Speaking of UI... we found at Skype that Greek & German words were often significantly longer than English words. This actually impact UX design quite considerably as designers need to consider the variable length of a button and how that impacts it's spacing, positioning, etc...
I can't comment on the technologies used, but impact on performance does need consideration - especially at GL.com scale.
I'm happy to help drive this forward and try to make a first step in an up-coming release.
I help manage translations for CiviCRM.org (a free software contact relationship management tool for non-profits). We support ~ 25 languages and have had, over the years, more than 1200 contributors. +1 on all of the above.
it's rather common that an organisation will contract an external agency to translate into their language. It helps to use a translation tool that is not geek-specific. We use Transifex.com, but Pootle is OK too. In-line translation also helps to fix the smaller details, once a translation has passed the 90% mark.
when choosing a tool to manage translation strings (Transifex/Pootle), make sure that there is an option to "freeze" strings that have been reviewed. For example, if you support in-line translation, anyone may try to change a string to fit their needs or regional language. Having different permissions levels makes it less risky and easier to deal with change requests. You will probably get a ton of requests to join translation teams, propose changes, etc, and it's not always easy to strike a balance between "accept anything" and "require manual intervention/review by admins who will ignore those notifications".
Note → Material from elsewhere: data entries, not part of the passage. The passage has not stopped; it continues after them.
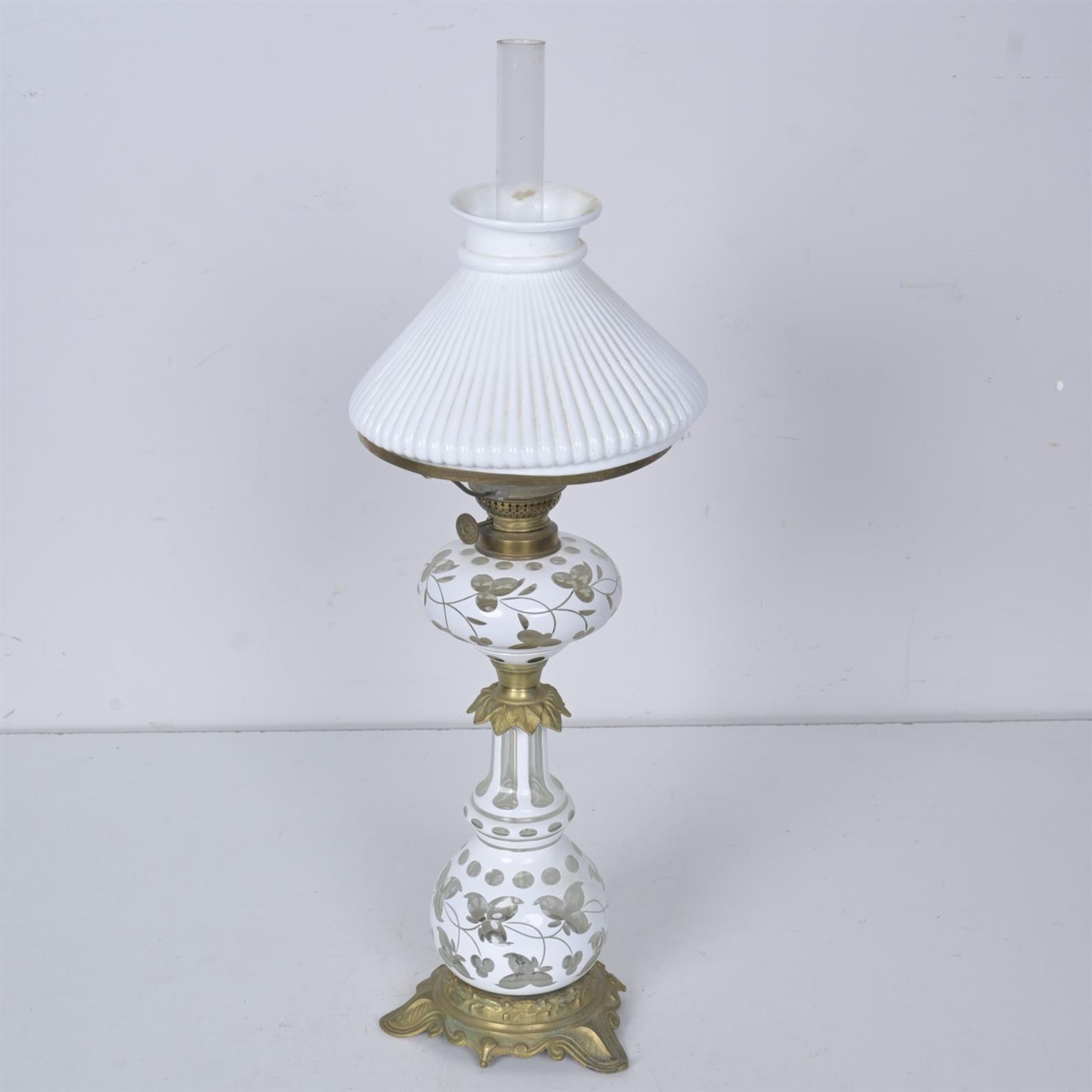 A GLASS BASED OIL LAMP WITH BRASS DETAIL (64CM H)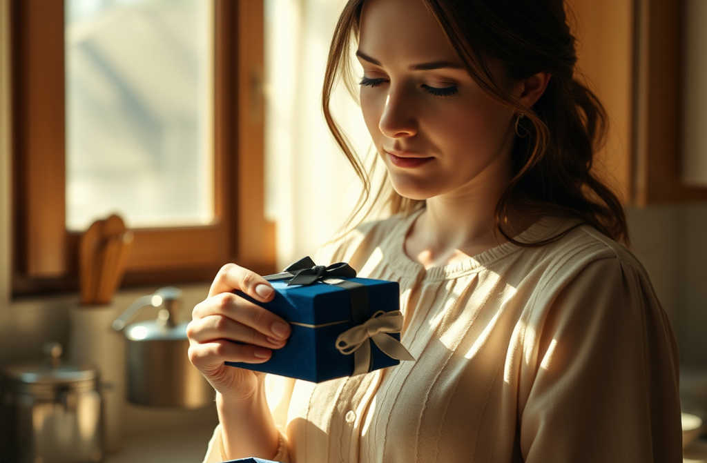 Irene aprieta la caja contra el pecho y las lágrimas le brotan sin querer. Se culpa por haber pensado que su marido era egoísta; él, aunque se queja por la carne, ha gastado esa cantidad en un regalo para ella. La culpa le pesa.
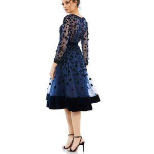 Elegant tea-length cocktail dress with a semi-sheer illusion yoke and sleeves, tulle overlay skirt, and intricate velvet floral accents and beading throughout. A tonal velvet band accents the natural waist, and the skirt is finished with a velvet-trimmed bottom hem.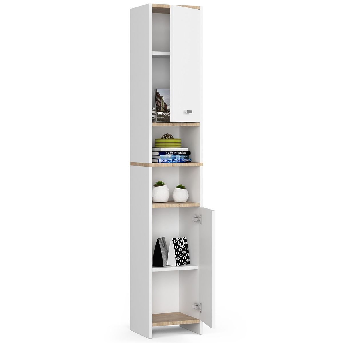 White bathroom shelf with 4 shelves and 2 doors. .. more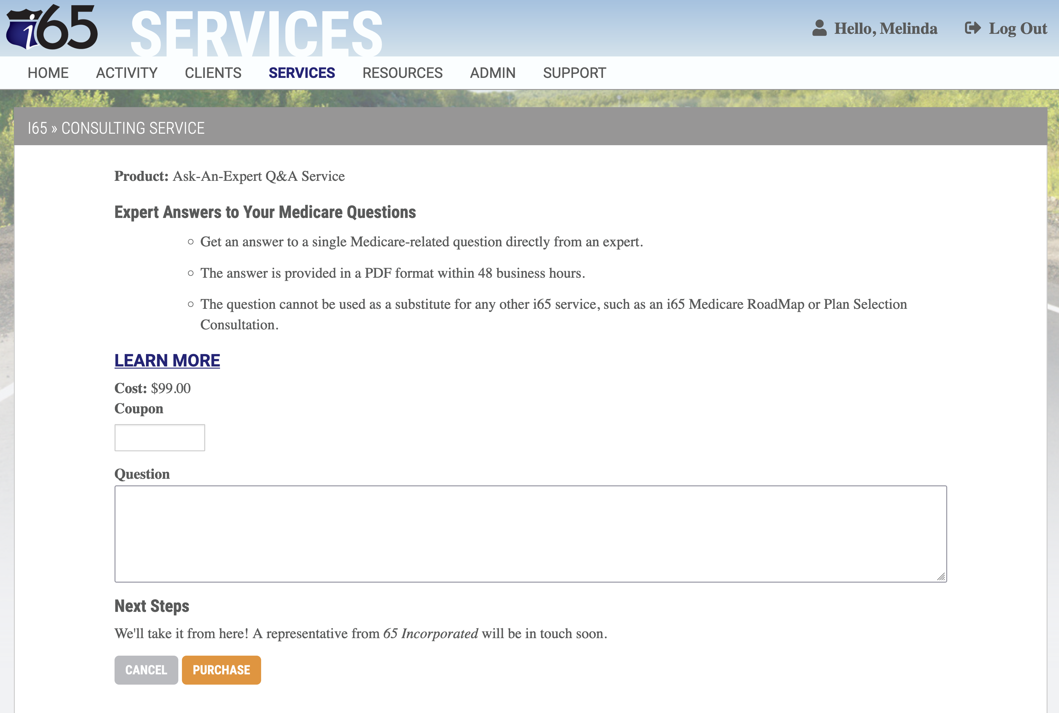 Within 2-3 business day, you'll receive a written response from a Medicare expert at 65 Incorporated that you can then share with your client.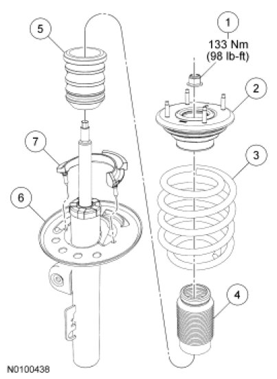 2. WARNING: Do not attempt to disassemble the shock absorber and spring assembly without using a spring compressor. Assemblies are under extreme load. Failure to follow this instruction may result in serious personal injury.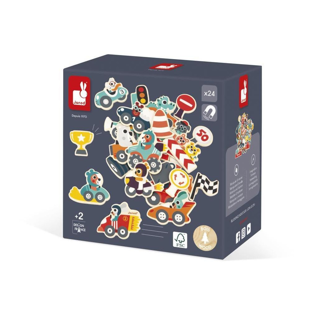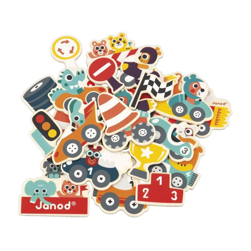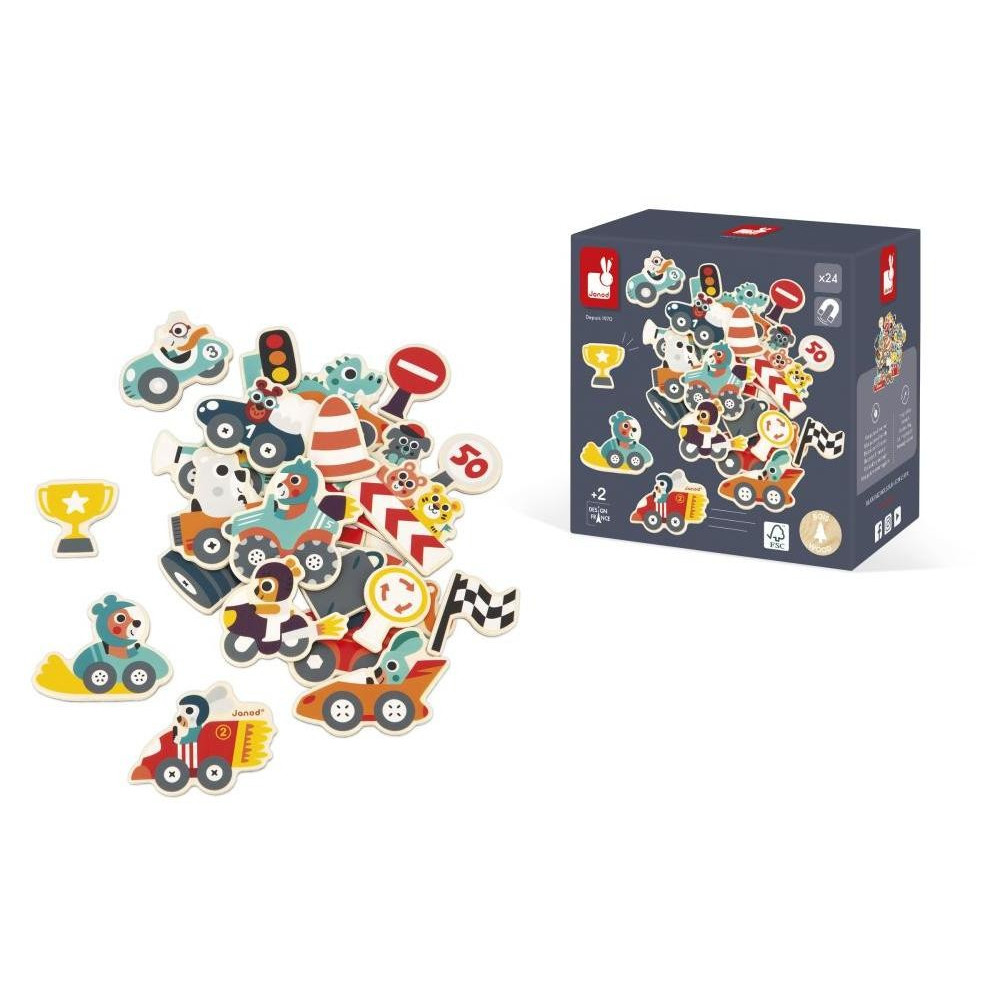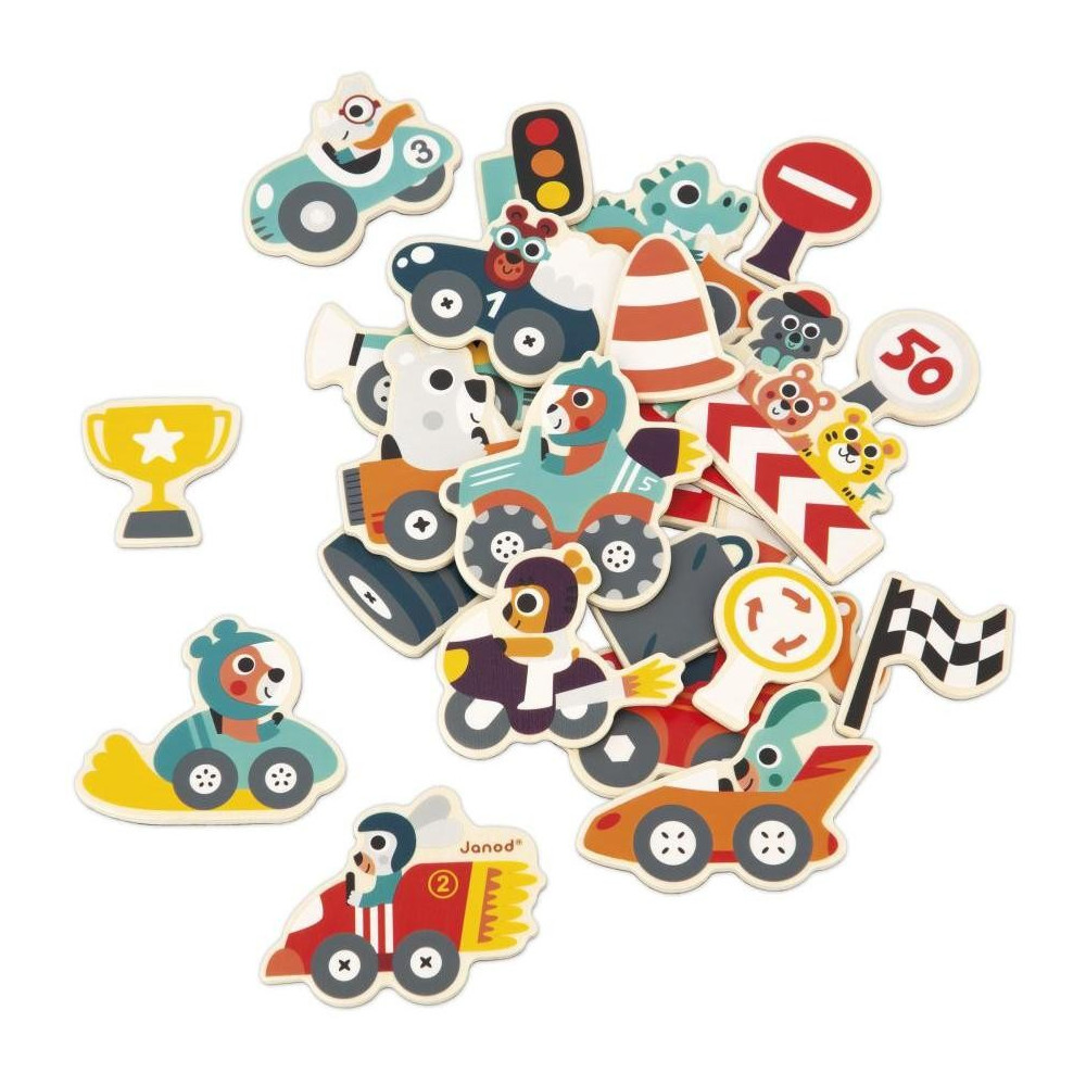 Ustúpte stranou! Malé autá sa blížia! Vytvorme bláznivé preteky s rôznymi vozidlami. Kolízia? Neprepadajte panike, odťahové vozidlo je pripravené pomôcť. Dostaňte sa do cieľa na odovzdávanie trofejí. Táto súprava pozostáva z 24 drevených magnetiek, ktoré sa prilepia na magnetické tabule, chladničky alebo akýkoľvek iný magnetický povrch. Vaše dieťa tak môže pri zábave rozvíjať svoju predstavivosť a zručnosť. Drevená magnetická hračka FSCTM. Pre deti od 2 rokov.

CiviCRM is written in PHP, and initially developers used a php lib instead of native gettext. It had a 20% performance hit, whereas native gettext has a much smaller performance hit. I would recommend Ruby's native gettext, because it's rock solid and well supported.
the c-i servers of CiviCRM generate new translation (.mo) files daily, by pulling the strings from Transifex, converting them to gettext .mo, then making them available on the web. We also do this for extensions/contribs. This way, people can work on translation one day, and update their production environments the day after, without having to deal with compiling/converting translation files. Most translators are very non-technical.
I don't want to arm-chair on something I cannot really contribute on the code-level, but if there is anything I can do with regards to process, happy to help. Our local laws require us that employees must have the option to use software in the local language, so this is a blocker for wider adoption of Gitlab in the co-op where I work (Quebec/Canada).
I really like how Pontoon will prevent a lot of the problems of localizations (breaking buttons and lack of context for translators). https://github.com/mozilla/pontoon
Thanks for the insights @mlutfy! Very much appreciated.
@mydigitalself You have some great points. I propose you lead the effort of doing a first step, but with very heavy buy-in from production, performance, engineering, UX and frontend (all of engineering basically).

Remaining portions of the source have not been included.